27 October 2022Insurance

After UK, US P&C insurance outlook turns negative on lower capital levels

S&P Global Ratings has revised its view on the US property/casualty (P&C) insurance sector to negative from stable, reflecting expected weaker credit trends over the next 12 months, just a day after  Moody’s turned negative on the UK’s P&C insurance sector outlook in light of the burgeoning inflation that is pushing up claims costs and widening credit spreads.

Credit downturn is highlighted as a key risk by both agencies in the UK and US markets.

According to S&P's new report, 'US Property/Casualty Insurance Sector View Dims On Weakening Capitalisation', the current economic factors are likely to reduce insurers' profit margins and adversely impact their capital levels.

Rising interest rates reduced the market value of P&C insurers' fixed income portfolios and generally accepted accounting principles (GAAP) shareholders' equity, while declines in the value of equity holdings, elevated natural catastrophe losses, and deteriorating personal auto underwriting results pressure the net earnings of some insurers, S&P said in its latest report.

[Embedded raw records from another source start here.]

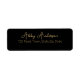 Simple, modern, minimalist and very elegant gold script typography on black background return address labels, Chic, custom made and personalised with your name and address.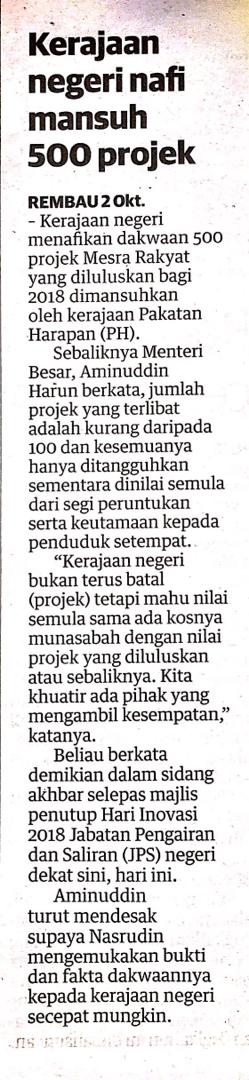 Tajuk :Kerajaan negeri nafi mansuh 500 projek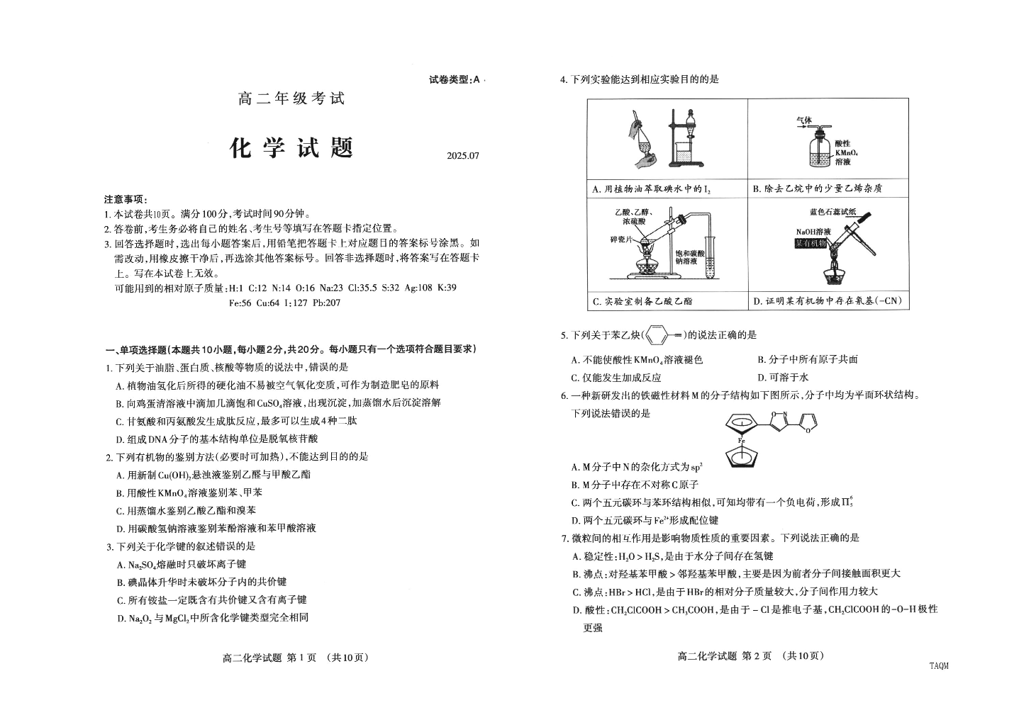 高二化学--山东省泰安市2025.7期末考试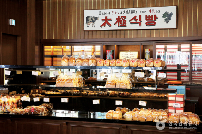 1946년 서울 명동에서 문을 열어 70년 넘는 세월을 보냈다. 지금의 장충동 본점은 1973년 지어졌다. 광복을 꿈꾸던 청년(창업주 신창근)이 민족의 이상을 담기 위해 무궁화를 로고로 만들고 이름을 ‘태극당’이라고 붙였다고 한다. 혼자 먹기 버거운 크기의 야채 사라다빵(5000원)과 아이스크림이 들어간 모나카(2500원) 등 지난 추억이 떠오르는 먹거리가 인기다. 천장에 걸려 있는 샹들리에와 진열장, 옛 글씨체를 살린 포장지 등에서도 오랜 역사가 고스란히 느껴진다.
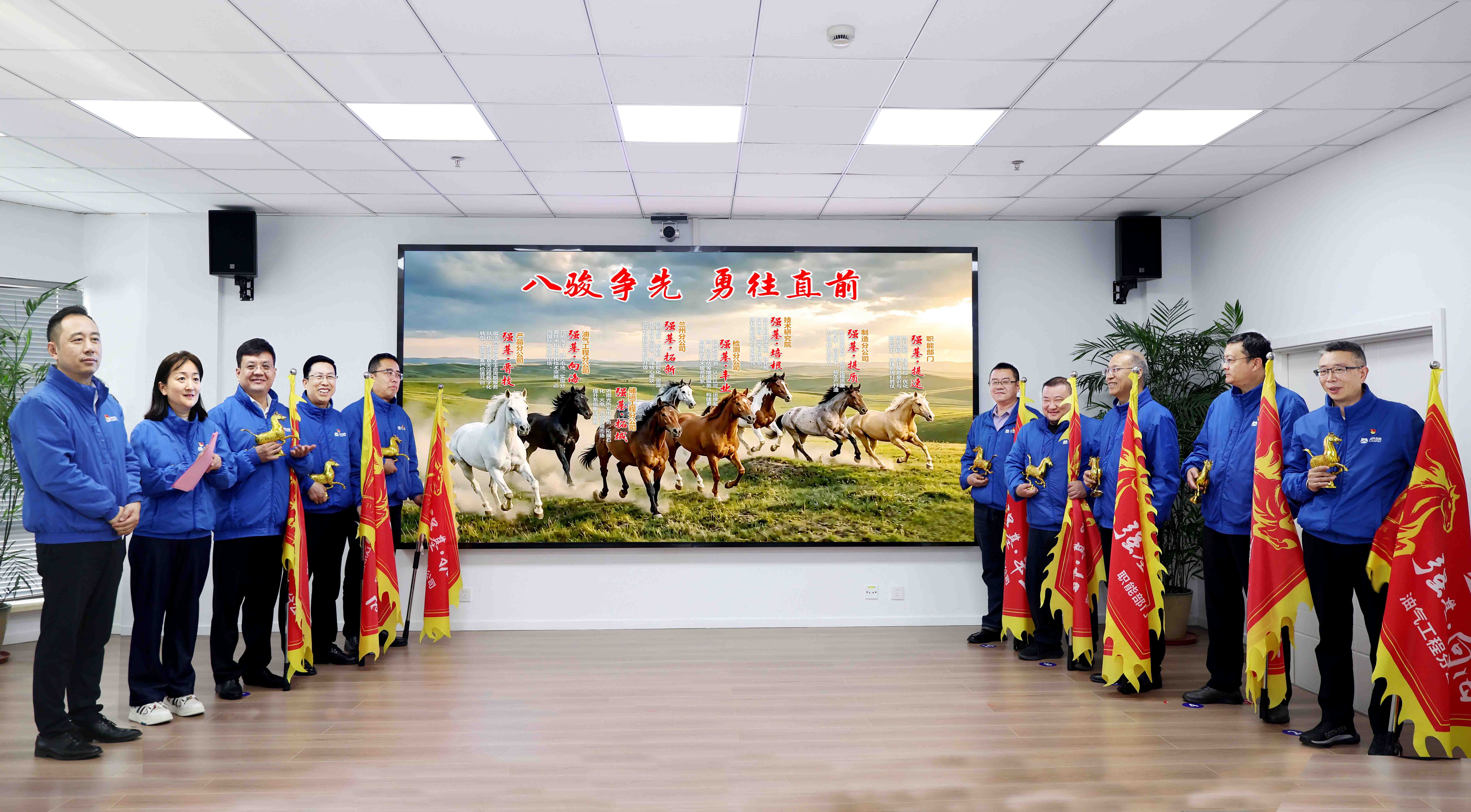 會議舉行黨建品牌推進行動“八駿爭先”出征儀式,王健為八大板塊代表贈送銅奔馬并授旗,各團隊莊嚴(yán)宣誓,彰顯奮進擔(dān)當(dāng)。

John Iten, primary credit analyst with S&P Global Ratings, noted: "We expect to make negative revisions to the ratings or outlooks of those insurers whose capitalisation has fallen materially below our expectations and whose projected earnings and capital management options, in our view, will be insufficient to rebuild capitalization to a level consistent with our current ratings over the next 24-36 months."

As insurers report their third quarter results, S&P Global analysts will be updating their assessment of capital and earnings, as measured by S&P Global Ratings' proprietary insurance capital model. As part of this process, earnings forecast for the projection period (2023-2025) and expectations for capital management activities will be revised.